Dark side of CRISPR: Rogue scientists could design something nastier than the coronavirus

| | April 6, 2020
This article or excerpt is included in the GLP’s daily curated selection of ideologically diverse news, opinion and analysis of biotechnology innovation.

When we’ve emerged on the other side of the pandemic, Covid-19 will someday make a good story. But I worry that CRISPR could make Covid-19 look like child’s play.

CRISPR is a new genetic tool that lets scientists cut out a DNA sequence in an organism’s genome and replace it with another. The hope is that this ingenious scissors-and-glue system will be used to treat devastating genetic diseases like sickle cell anemia and beta thalassemia.

But there’s a dark side to CRISPR. A scientist or biohacker with basic lab know-how could conceivably buy DNA sequences and, using CRISPR, edit them to make an even more panic-inducing bacteria or virus.
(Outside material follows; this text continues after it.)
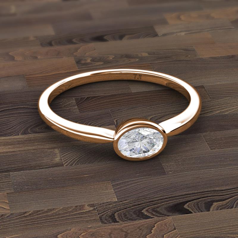 Oval Cut (7x5 mm) White Sapphire 0.95 ct Womens East West Solitaire Engagement Ring 10K Rose Gold More Details ...

What’s to stop a rogue scientist from using CRISPR to conjure up an even deadlier version of Ebola or a more transmissible SARS?

Related article:  CRISPR gene editing yields world's smallest tomatoes to feed astronauts

Covid-19 rightfully dominates the media. But we should be talking about CRISPR, too. Before the first reports of the novel coronavirus began surfacing in the U.S., none of the Democratic presidential candidates said a word about CRISPR, and President Trump has never uttered its name. But it’s here, just as present, unpredictable, and powerful as Covid-19, unless we act now to control it.